> _Data to examine_:

------------

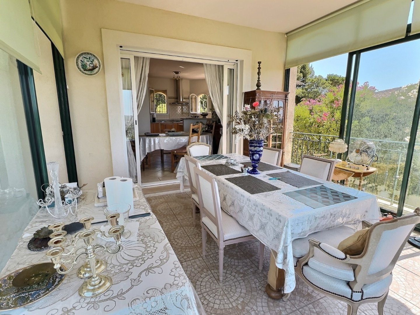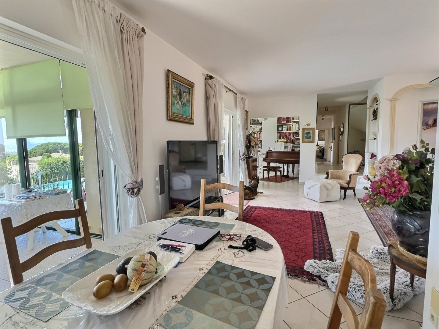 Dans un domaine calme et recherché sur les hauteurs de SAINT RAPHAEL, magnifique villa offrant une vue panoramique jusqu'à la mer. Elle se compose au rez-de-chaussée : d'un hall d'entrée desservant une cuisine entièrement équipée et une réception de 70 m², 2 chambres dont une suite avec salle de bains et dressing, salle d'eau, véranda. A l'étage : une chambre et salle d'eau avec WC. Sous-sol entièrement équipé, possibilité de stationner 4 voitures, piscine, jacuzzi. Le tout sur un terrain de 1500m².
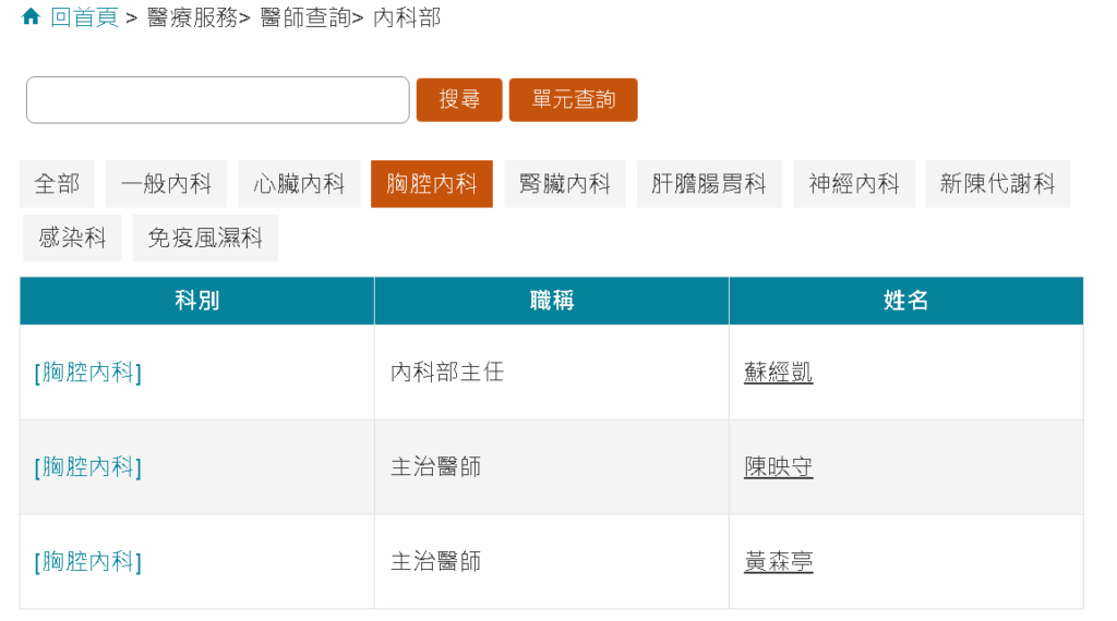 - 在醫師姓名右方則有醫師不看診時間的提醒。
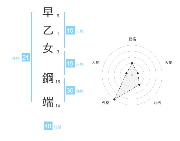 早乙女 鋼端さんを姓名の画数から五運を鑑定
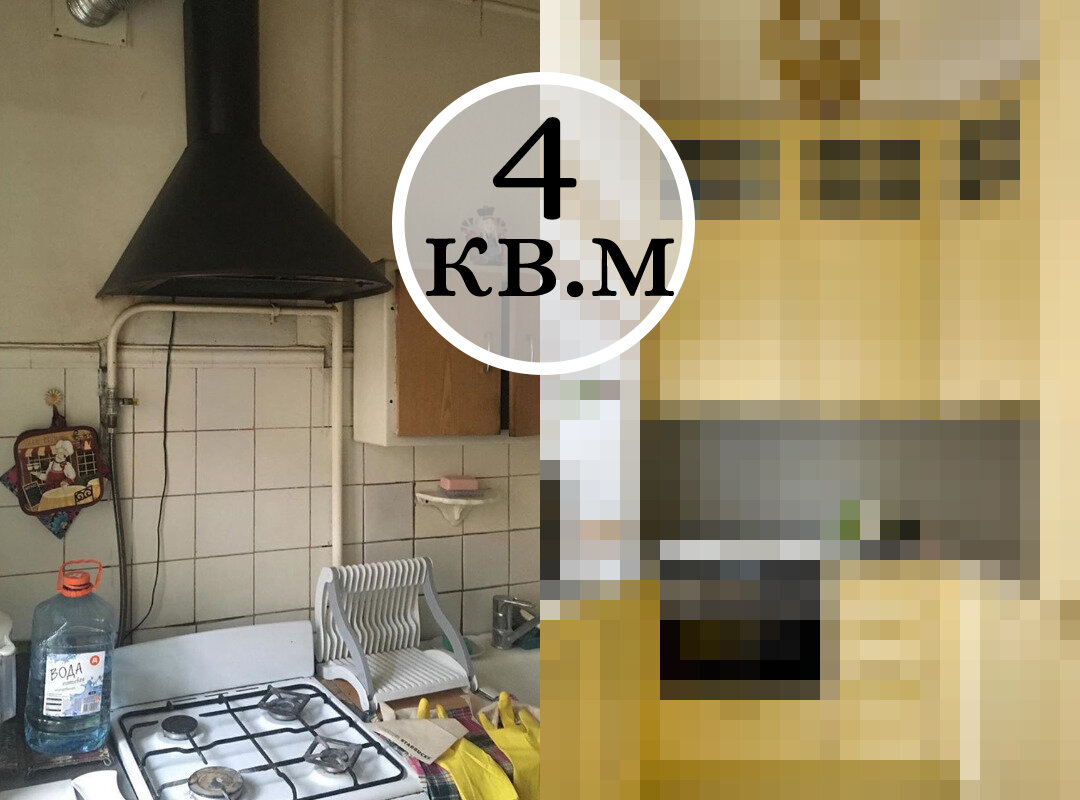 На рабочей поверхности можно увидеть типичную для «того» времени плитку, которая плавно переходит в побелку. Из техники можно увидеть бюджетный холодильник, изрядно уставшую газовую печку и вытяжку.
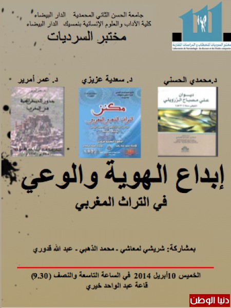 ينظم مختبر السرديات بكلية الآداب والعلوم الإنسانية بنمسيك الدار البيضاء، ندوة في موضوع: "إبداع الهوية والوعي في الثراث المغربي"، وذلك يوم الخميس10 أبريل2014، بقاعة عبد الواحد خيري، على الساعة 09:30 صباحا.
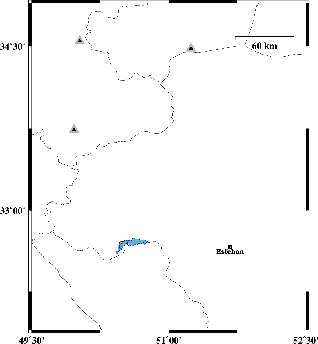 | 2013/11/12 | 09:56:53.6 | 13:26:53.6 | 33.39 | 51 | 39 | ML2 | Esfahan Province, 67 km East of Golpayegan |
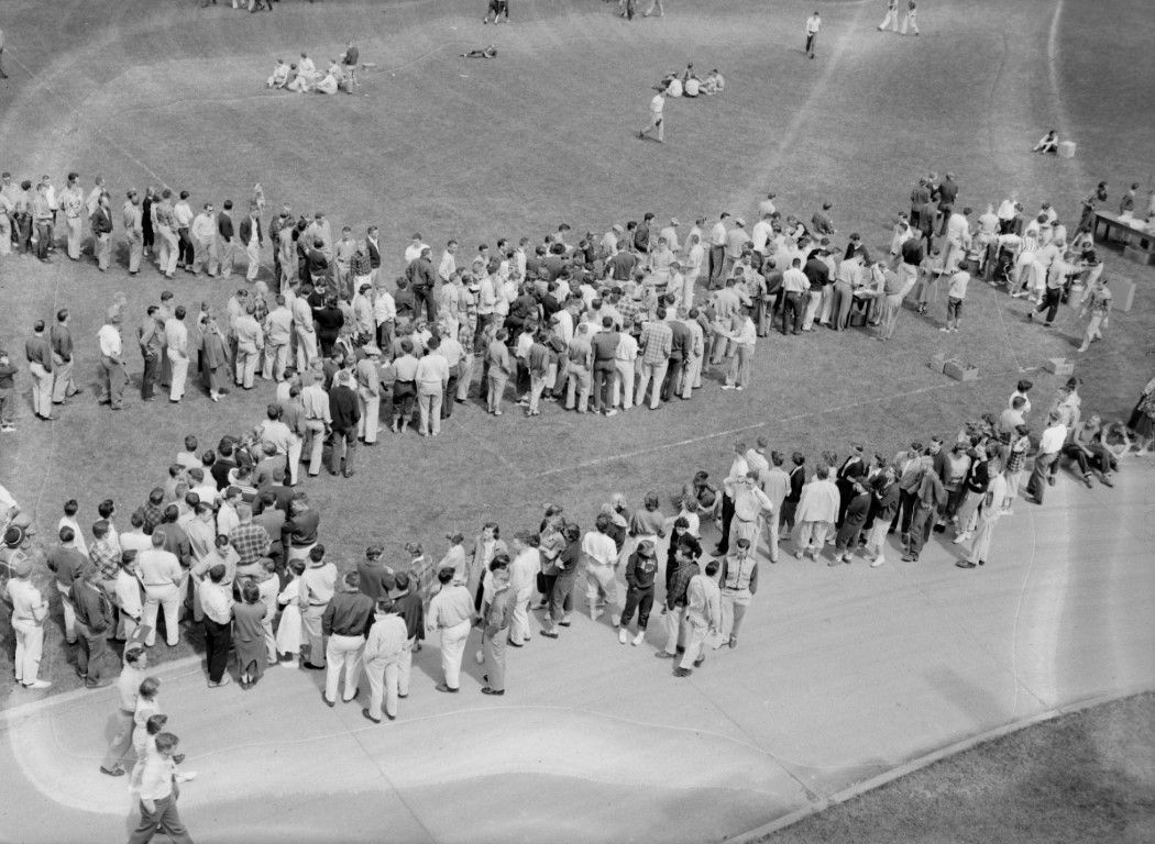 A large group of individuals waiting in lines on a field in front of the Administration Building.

------------

> _Work to be completed_: Print, exactly and only, the lines running from the line with "ينظم مختبر السرديات" through the last line of the data, including both. Skip any picture.

> _Task solution_:
 ينظم مختبر السرديات بكلية الآداب والعلوم الإنسانية بنمسيك الدار البيضاء، ندوة في موضوع: "إبداع الهوية والوعي في الثراث المغربي"، وذلك يوم الخميس10 أبريل2014، بقاعة عبد الواحد خيري، على الساعة 09:30 صباحا.
 | 2013/11/12 | 09:56:53.6 | 13:26:53.6 | 33.39 | 51 | 39 | ML2 | Esfahan Province, 67 km East of Golpayegan |
 A large group of individuals waiting in lines on a field in front of the Administration Building.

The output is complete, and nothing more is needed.